We probably actually share much of the same ethos. Personally I think it would
be absolutely if everybody dropped mushrooms and spent a week in the
wilderness coming to terms with the unity of consciousness of all beings and
the absurdity of building a society based on false economies of wage labour
and conspicuous consumption, etc. Worked wonders for me, and no doubt it would
be groovy if everybody else did that too.

The severity my reaction is due to the fact that I've seen too many people hit
this wavelength and then get lost in the daydream of what would happen if
literally everybody else got on this wavelength too. And then spend -- and
please believe that I mean this very very literally -- the _entire rest of
their lives_ lost in that daydream. I find this to be tragic, because I think
that such people have something to contribute to the world, and pursuing this
question explicitly degrades their ability to do so.

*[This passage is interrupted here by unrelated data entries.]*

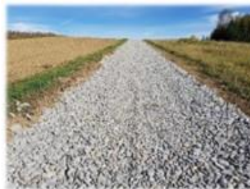
Fot. Strachocina - droga dojazdowa do gruntów rolnych, dz. nr ew. 1583, 1878 Fot. Strachocina - droga dojazdowa do gruntów rolnych, dz. nr ew. 1598
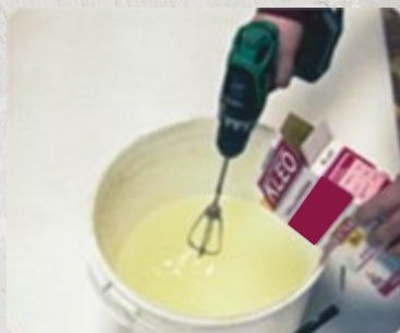
2. Развести клей для флизелиновых обоев в соответствии с инструкцией.
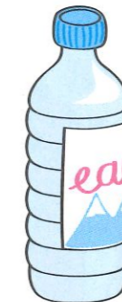
une bouteille en plastique
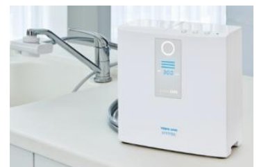
家庭用電解水素水整水器 トリムイオンHYPER

電解水素水整水器とは、水道水に含まれる塩素や鉛などの不純物を浄水フィルターに通して除去し、その水をさらに電気分解した、抗酸化性のある水素を豊富に含んだアルカリ性の水を生成する器械です。家庭用電解水素水整水器は胃腸症状の改善に効果・効能のある家庭用管理医療機器として認証されています。
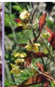
Felberich Lysimachia ciliata 'Firecracker'
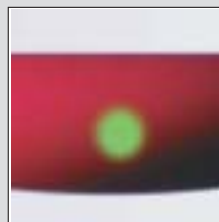
En grön lampa lyser för att bekräfta att allt är i sin ordning.

Thermia Diplomat är enastående driftsäker. Om det mot förmodan skulle uppstå problem kan den med hjälp av en GSM-modul (tilläggsutrustning) själv ringa upp ett förutbestämt mobilnummer och meddela ägare eller serviceansvarig vad som hänt. Vid ett eventuellt larmtillfälle sparas samtliga händelser så att den historiska utvecklingen kan redovisas en timme tillbaka i tiden.
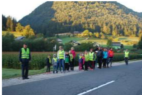
Slika 17; Učenci v spremstvu staršev spoznavajo nevarnosti v prometu

Na poteh, ki vodijo v šolo, učenci naletijo na marsikatero nevarnost v prometu. Na cestah, predvsem na regionalni, je pomanjkanje prehodov za pešce, tako da morajo biti učenci pri prehajanju iz ene strani ceste na drugo zelo previdni (večkratno preverjanje ali je cesta prosta za prehod).
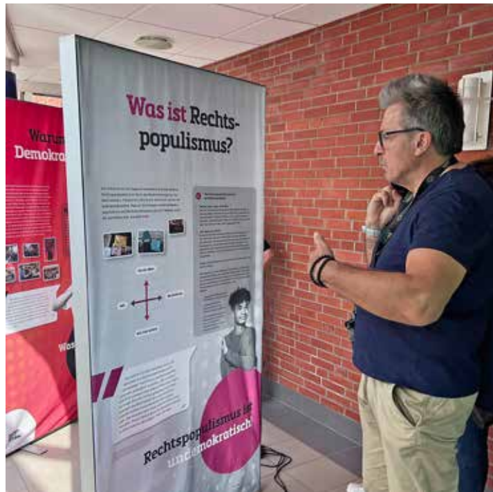
Eine Ausstellung informierte über die Themen Demokratie, Diskriminierung und Zivilcourage.

Weitere Informationen über die Arnesboken-Schule und ihre Projekte sind auf der Website arnesboken-schule.de zu finden.
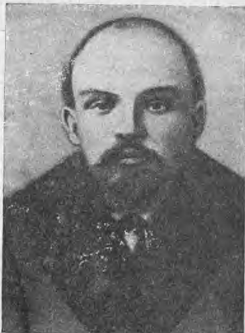
В. И. Ленин.

„Наш автор на данных трех уездов Таврической губернии произвел анализ крестьянского хозяйства в этих уездах, взятых во всем целом, и показал всю глубину расслоения тогдашней деревни в многоземельном и плодородном южном черноземном районе: \frac{1}{5} всех зажиточных крестьянских хозяйств, засевающих более 25 десятин, пользуются половиной всей земли, находящейся в пользовании крестьян, \frac{2}{5} средних хозяйств, засевающих от 10 до 25 десятин, пользуются \frac{2}{5} земли, а \frac{2}{5} бедных и беднейших крестьян, засевающих менее 10 десятин, пользуются всего \frac{1}{5} всей земли. Богатые крестьяне нанимают работников, а бедные нанимаются в работники; богатые имеют много скота, применяют в своих хозяйствах жатки, косилки и др. земледельческие орудия, ведут более рациональное и выгодное хозяйство, побивая этим на рынке бедноту, захватывая все больше и больше земли покупкой и арендой и тем лишая ее бедноту. Средняя группа является неустойчивой: немногие из нее имеют шансы перейти в высшую группу—сельской буржуазии, а большинство опускается в низшую группу, являющуюся классом наемных рабочих с наделом.

And thus I actually _do_ think it's a bad question. If you're interested in
changing the world, then becoming attached to any kind of theory whose initial
predicate is fundamentally impossible means that you are _not_ going to change
the world.

A far better starting point is: "how can I change the world without anybody
noticing at all"? Followed closely by: "how can I change the world if I get
one in a million people to see things my way?" Work your way up from there.
Starting from the other direction is a mind-killer.

------
dirkdk
Silicon Valley is not a geographical area, it is the tech industry within a
geographical area.

The tech industry wages have been going up, but the wages of the people around
our industry have been stagnant. Sensationalist title.